By now, most people feel pretty confident in their ability to avoid falling prey to phishing scams online. You know not to open emails from suspicious addresses. You know not to click random links that get sent your way. You know not to download third-party apps that will make you susceptible to hackers. (You do know all of those things, right?)

There’s one particular phishing scam going around Instagram that you might not know about, though. It’s been around for a while but is apparently enjoying an increase in popularity these days. It’s known as the “3 of your pictures, 4 hours of my time lol” scam (not the catchiest name, we agree). Anyway, here’s what the scam is, plus how to avoid getting your Instagram hacked.

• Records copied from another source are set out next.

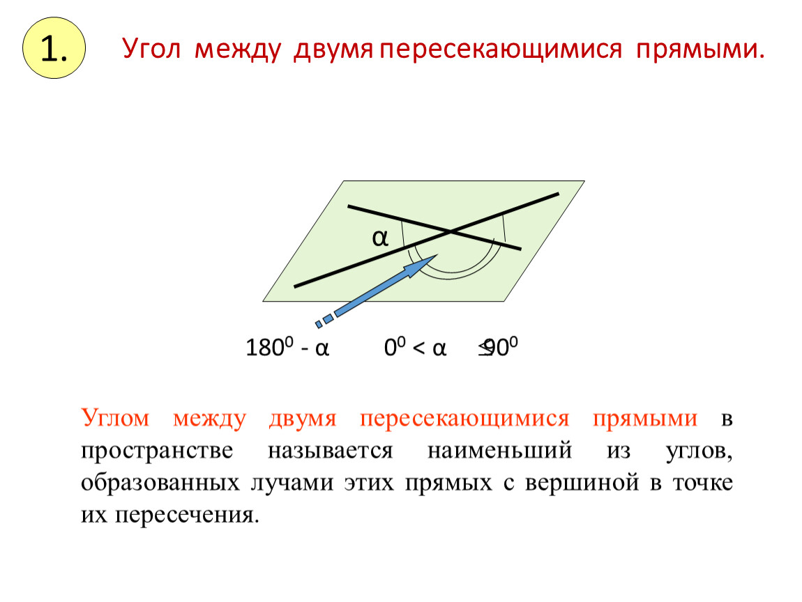 Углом между двумя пересекающимися прямыми в пространстве называется наименьший из углов, образованных лучами этих прямых с вершиной в точке их пересечения.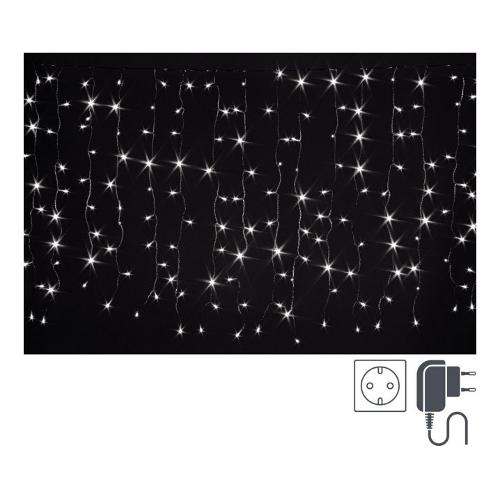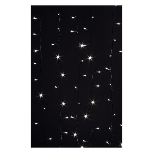 Tenda 400led, luce bianca, dimensione led 5mm. Filo trasparente, misura 2x2mt, lunghezza totale 5mt, lunghezza cavo di alimentazione 3mt, lunghezza filo luci 2mt, distanza led 10cm, distanza tra i fili luce 10cm. Dotato di presa schuko. 8 giochi luce con memory. Per uso interno-esterno ip44. Con colour box. Con trasformatore 31v3.6w.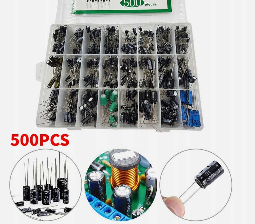 Набір конденсаторів електролітичні 500 шт. Набір містить 24 різних значення електролітичні конденсатори в діапазоні від 0,1 мкФ до 1000 мкФ. Вся справа там упаковані в пластиковий органайзер.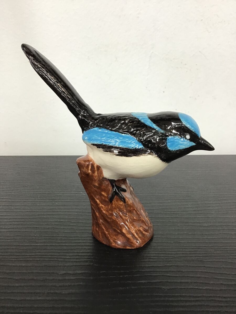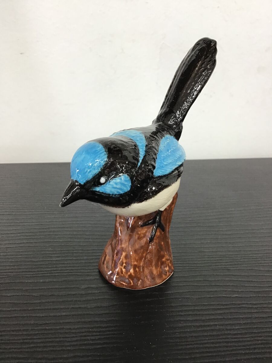 Ceramic blue wren ornament. Hand painted finish, very life-like.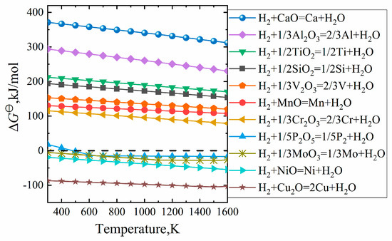 Because of the reduction characteristics of hydrogen, the reduction process is selective, that is, the valuable element Fe can be extracted from the iron ore, while most of the valueless gangue minerals cannot be reduced into metal. The selective reduction of oxides by H2 can be explained by Figure 3, which shows the standard Gibbs free energy change for the reactions of hydrogen with various oxides that may exist in ores [12]. At the temperature where direct reduction occurs, i.e., 1073–1273 K, the general oxides such as manganese oxide, silicon oxide and alumina cannot be reduced into iron, while only phosphorus oxide, molybdenum oxide, nickel oxide and copper oxide can be completely reduced. The removal of phosphorus can be accomplished in subsequent steps, while the reduced copper, nickel and molybdenum are difficult to eliminate. Fortunately, the content of these oxides is relatively low in common iron ores. The blast furnace ironmaking uses coke as a reducing agent, and the temperature of blast furnace ironmaking is about 1773 K. This leads to the partial reduction of manganese oxide, silicon oxide, etc. into the molten iron, which imposes a burden on the refining process. This is why the hot metal of a blast furnace is not as pure as DRI.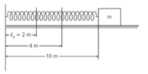 Perceba que o enunciado nos diz que o comprimento inicial da mola é 2 m e que o objeto encontra-se na posição de 10 m. Ou seja, a variação sofrida pela mola (nosso Δx) é igual a 8.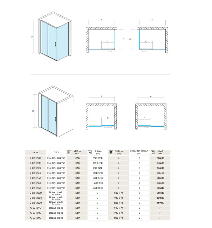 Dimenzije tuš kabine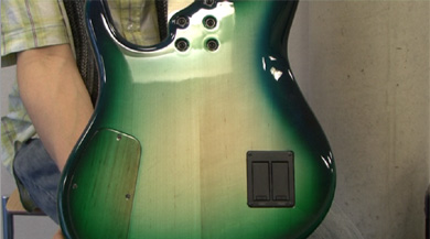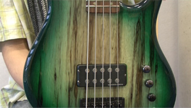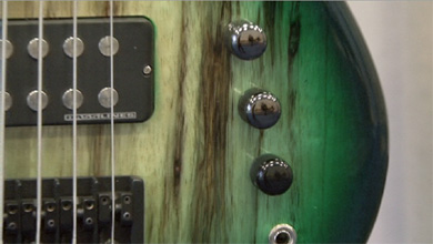 Décidemment, nos luthiers ne manque pas d'imagination et c'est Fred Schneider qui va faire vibrer cette cinq cordes qui ne manque pas de charme avec une finition impeccable.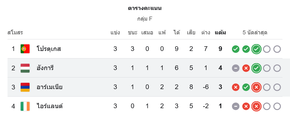 สำหรับโปรแกรม ตารางบอล นัดต่อไป ฮังการีจะพบโปรตุเกส ส่วนอาร์เมเนียจะเจอกับไอร์แลนด์ ทั้งสองแมตช์ถือเป็นเกมสำคัญที่อาจกำหนดทิศทางของกลุ่มในรอบคัดเลือกนี้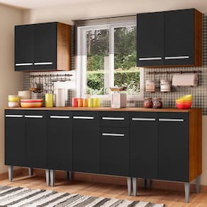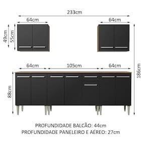 Medidas totais: 186 cm de altura x 233 cm de largura x 44 cm profundidade nos balcões e 27 cm nos aéreos.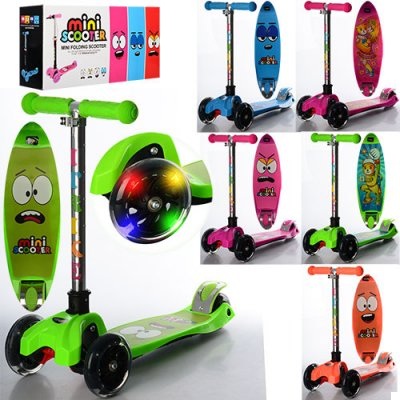 алюминиевые и пластиковые элементы; регулируемая ручка по высоте (до 77 см); возможность складывания: да; материал колес: PU; светятся колеса; размер колес: передние — 125 мм, заднее — 80 мм.

This popular scam involves hackers reaching out to you via DM and complimenting you on some of your pictures. They claim that they have posted a few of your photos on a super exclusive website after spending a few hours editing them. They’re then “kind” enough to include a direct link to the website so you can see your photos there for yourself.

This should already be setting off alarm bells in your head. We’re not saying your pictures aren’t great, but come on. Who would spend a few hours editing your photos, upload them to a website, and then reach out to tell you about it? It’s not even really one of those things that’s too good to be true. It’s just an all-around bizarre scenario that would never happen in real life. 

As you’ve almost certainly guessed, clicking on the attachment they provide (which is named “3 Of Your Pictures, And 4 Hours Of My Time LOL”) will not bring you to an exclusive website with cool Instagram photos. It will get your Instagram account hacked.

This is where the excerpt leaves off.